Confusion. Confusion because the HTML5 specification is being drafted specifically to counter several initiatives that the W3C has been nurturing over the last decade: Microdata over RDF/RDFa; HTML over XHTML; Reverse DNS identifiers over namespaces, and URIs; the elimination of non-visual cues, not only for metadata, but also for the visually challenged. And respect. There is no respect for the W3C among many in the HTML Working Group. And I know I lose more respect for the organization the closer we get to HTML5 Last Call.

In fact, HTML Working Group is a bit of a misnomer. We don’t have HTML anymore, we have a Web OS.

We don’t have a simple HTML document, we have a document that contains the DOM, garbage collection, the Canvas object and a 2D API, a definition for web browser objects, interactive elements, drag and drop, cross-document communication, channel messaging, Microdata, several pre-defined vocabularies, probably more JavaScript than the ECMAScript standard, and before they were split off, client-side SQL, web worker threads, and storage. I’m sure there’s a partridge in a pear tree somewhere in there, but I still haven’t made it completely through the document. It’s probably in Section 10. I know there’s talk of extending to the document to include a 3D API, and who knows what else.

There’s a lot of stuff in HTML5. What isn’t in the HTML5 document is a clean, straightforward description of the HTML or XHTML syntax, and a clearly defined path for people to move to HTML5 from other specifications, as well as a way of being able to cleanly extend the specification—something that has been the cornerstone of both HTML and XHTML in the past. There’s no room for the syntax, in HTML5. It got shoved down by Microdata and the 2D API. There’s no room for the past, the old concepts of deprecated and obsolete have been replaced by such clear terms as “Conforming but obsolete”. And there’s certainly no room for future extensibility. After all, there’s always HTML6, and HTML7, …, HTMLN—all based on the same open, encompassing attitude that has guided HTML5 to where it is today.

If we don’t like what we see, we do have options. We can create our own HTML5 documents, and submit “spec text” for a vote. But what if it’s the whole document that needs work? That many of the pieces are good, but don’t belong in the parent document, or even in the HTML WG?

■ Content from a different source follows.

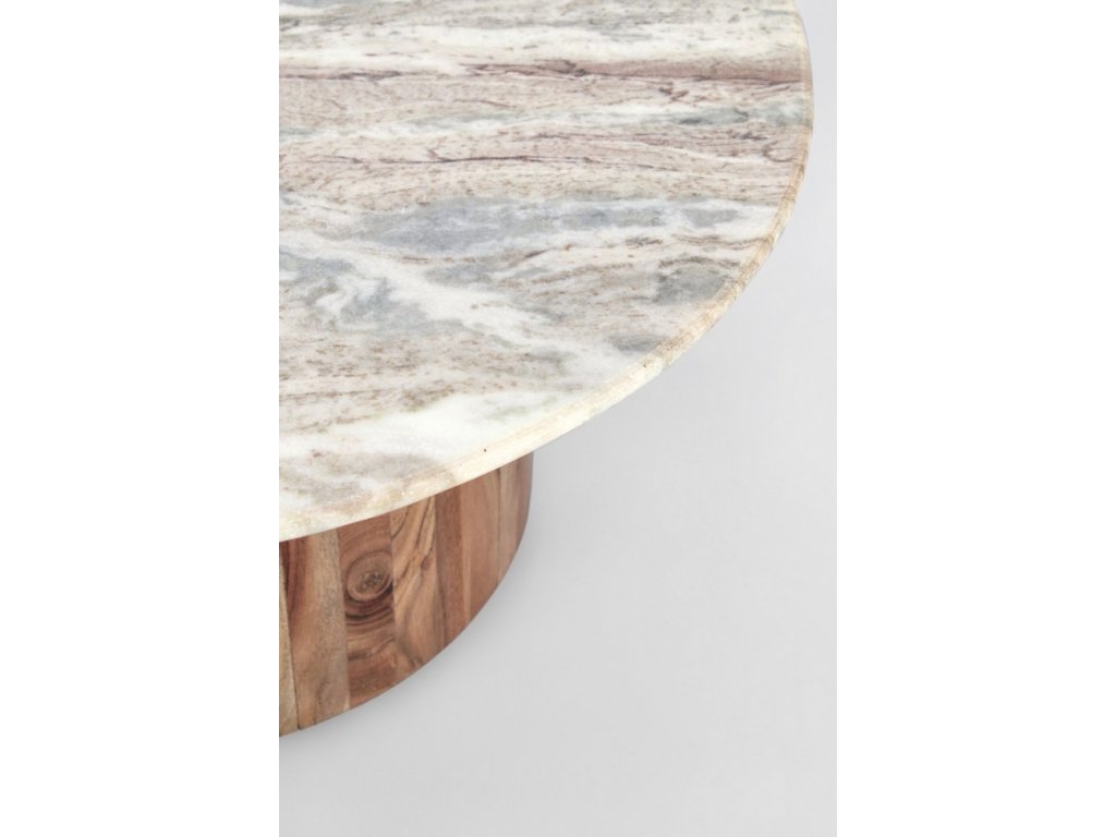Moderný konferenčný stolík z mramoru a dreva. Nohu stola tvorí akáciové drevo, vrchná doska je z mramoru. Kvalitný kávový stolík do modernej obývačky. Kombinácia dreva a mramoru predstavuje nadčasový kus nábytku.

The DOM should be split out into its own section and should take all of the DOM/interactive, and browser object stuff with it. The document should be re-focused on HTML, without this mash-up of HTML syntax, scripting references, and API calls that exists now. The XHTML section should be fleshed out and separated out into its own section, too, if no other reason to perhaps reassure people that no, XHTML is not going away. We should also be reminded that XHTML is not just for browsers—in fact, the eBook industry is dependent on XHTML. And it doesn’t need Canvas, browser objects, or drag and drop.

Canvas should also be split out, to a completely separate group whose interest is graphics, not markup. As for Microdata, at this point, I don’t care if Microdata is continued or not, but it has no place in HTML5. If it’s good, split it out, and let it prove itself against RDFa, directly.

The document needs cleaning up. There are dangling and orphaned references to objects from Web Workers and Storage still littering the specification. It hops around between HTML syntax and API call, with nothing providing any clarity as to the rhyme or reason for such jumping about. Sure there’s a lot of good stuff in the document, but it needs organization, clean up, and a good healthy dose of fresh air, and even a fresher perspective.

Accessibility shouldn’t be added begrudgingly, woodenly, resentfully. It should be integrated into the HTML, not just pasted on in order to quiet folks because LC is coming up.

The concepts of deprecated and obsolete should be returned, to ensure a sense of continuity with HTML 4. And no, these did not originate with HTML. In fact, the use of deprecated and obsolete have been fairly common with many different technologies. I can guarantee nothing but the HTML5 document has a term like “conforming but obsolete”. I know, I searched high and low in Google for it.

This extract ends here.